10 best and worst deli meats you can buy at grocery stores in Canada, ranked by a nutrition coach: Turkey breast, ham, roast beef and other popular meats
Deli meats are a convenient go-to for lunches, charcuterie boards and grab-and-go snacks. Some are lean, protein-packed choices that make lunch a little easier. Others are heavy on sodium and saturated fat, with a side of added preservatives. For Canadians navigating the deli counter, it's worth learning the difference between a healthy pick and an ultra-processed one.

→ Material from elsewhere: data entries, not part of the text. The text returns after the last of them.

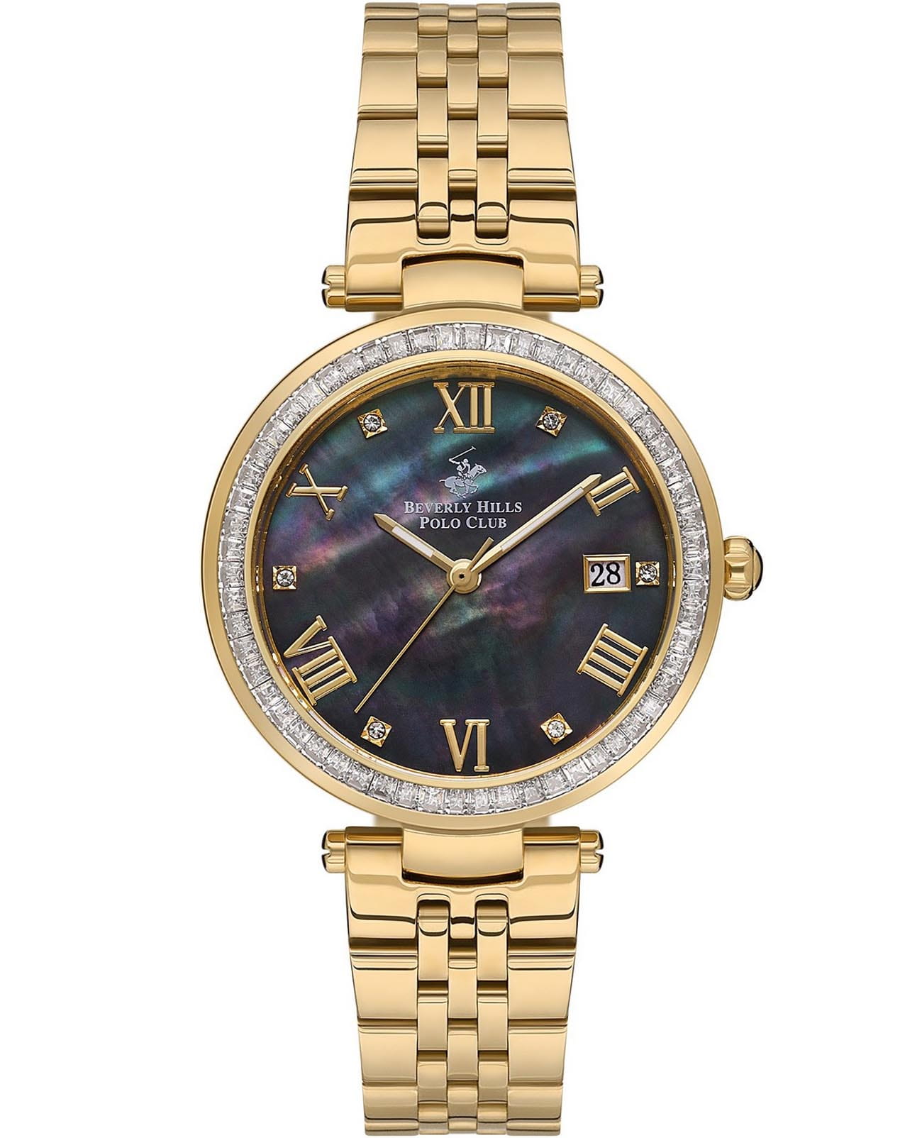 Женские наручные часы Beverly Hills Polo Club BP3583X.120 с надёжным автоматическим механизмом. Минеральное стеклоМинеральное стеклоМинеральное стекло представляет собой искусственно выращенный минерал кварца. Такое стекло отличается особой устойчивостью к повреждениям и царапинам. Уступает по некоторым качествам сапфировому стеклу. устойчивое к мелким механическим повреждениям. Корпус и браслет часов изготовлены из нержавеющей стали с IP-покрытиемIP-покрытиеМетод ионного напыления. Демонстрирует повышенную устойчивость к истиранию, окислению и химическим веществам. Под воздействием высокого давления и температуры около 1500°C молекулы металла надёжно соединяются с частицами корпуса часов.. Стальной браслет на раскладной застёжкеРаскладная застёжкаТакой тип застёжки используется только на браслетах из металла. Она никогда не раскрывается полностью, происходит разделение на 2 и более частей. Раскладывающая застёжка снизит вероятность потери часов к минимуму.. Окошко даты находится в положении 3 часа. Класс водозащиты: 50 метров, позволит защитить корпус от случайных брызг или капель дождя. Циферблат и безельБезельВнешний ободок, закрепляющий стекло. В спортивных часах так называется поворотное кольцо с делениями на циферблате, выполняет роль таймера – замеряет отрезки времени на шкале. Неподвижный безель – элемент декора. Однонаправленно вращающийся безель на дайверских часах позволяет фиксировать моменты погружения и выныривания на поверхность. инкрустированы кристаллами циркония.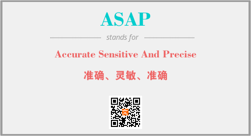 上述内容是“Accurate Sensitive And Precise”作为“ASAP”的缩写,解释为“准确、灵敏、准确”时的信息,以及英文缩略词ASAP所代表的英文单词,其对应的中文拼音、详细解释以及在英文中的流行度和相关分类、应用领域及应用示例等。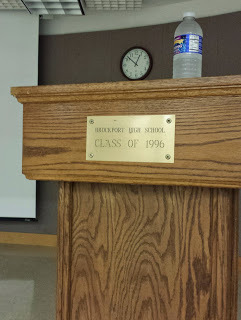 Back at Brockport High, about to begin speaking, I noticed the podium was a gift from the Class of 1996. 1996? That's the year in which Carolyn and I set The Future of Us.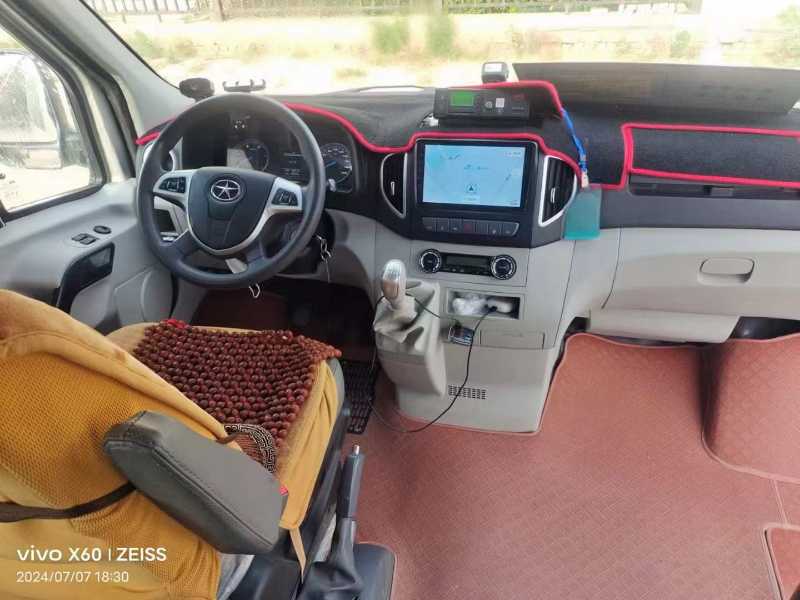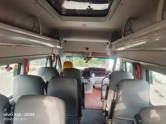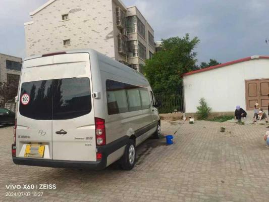 国六中型17座江淮营运车,2024年上牌6601型,手动柴油6个前进档,皮面座椅,行李架,天窗。

Health Canada classified deli meats as highly processed foods, and for good reason. Many varieties are packed with salt and preservatives, which have been linked to increased risks of heart disease and colorectal cancer. That doesn't mean you have to give them up entirely, but it does make it important to choose wisely regarding which options deserve a regular spot in your rotation.
This article is for informational purposes only and is not a substitute for professional medical advice, diagnosis or treatment. Contact a qualified medical professional before engaging in any physical activity, or making any changes to your diet, medication or lifestyle.

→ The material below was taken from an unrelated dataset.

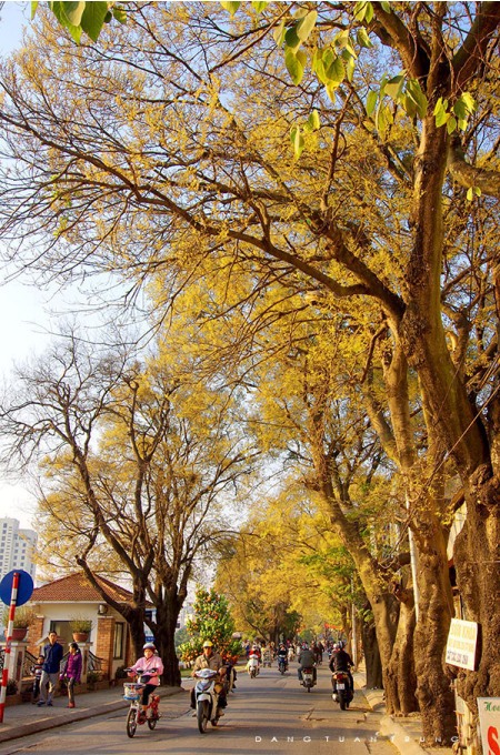 វិថី Yen Phu នៅរដ្ឋធានីហាណូយក្នុងរសៀល១នាចុងសិស៌ររដូវ។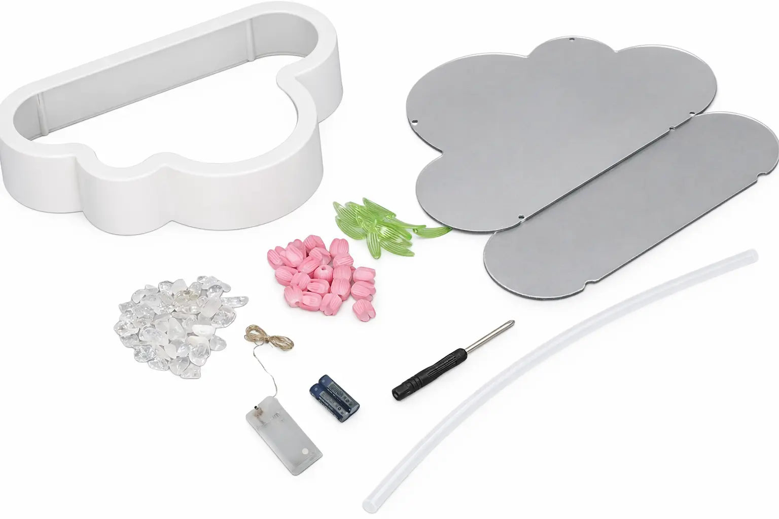 Guirlande LED, boîtier à piles, tulipes & feuilles décoratives et pince : tout est prêt pour une installation simple.

As a nutrition coach, I know consistently eating balanced meals sometimes means choosing convenience. Deli meats are a super quick source of protein that can help people create more nutritious meals when they're short on time. Here, I've ranked 10 of the most common deli meats found in Canadian grocery stores — like turkey breast, ham, roast beef and Canadian-style bacon — using nutritional breakdowns and official health recommendations to give you a clear picture of what you can safely add to your cart and what might be worth rethinking.
Processed meat has been under scrutiny for years. In 2015, the World Health Organization classified processed meats (like bacon, ham and bologna) as Group 1 carcinogens, meaning there's sufficient evidence linking them to colorectal cancer. In response, the Canadian Cancer Society recommended limiting red and processed meat to three servings or fewer per week.
But that doesn't mean you have to cut out deli meats completely. You can enjoy them occasionally as part of a balanced diet, especially if you choose leaner, lower-sodium options. The key is to read labels carefully and prioritize minimally processed sources of protein whenever possible.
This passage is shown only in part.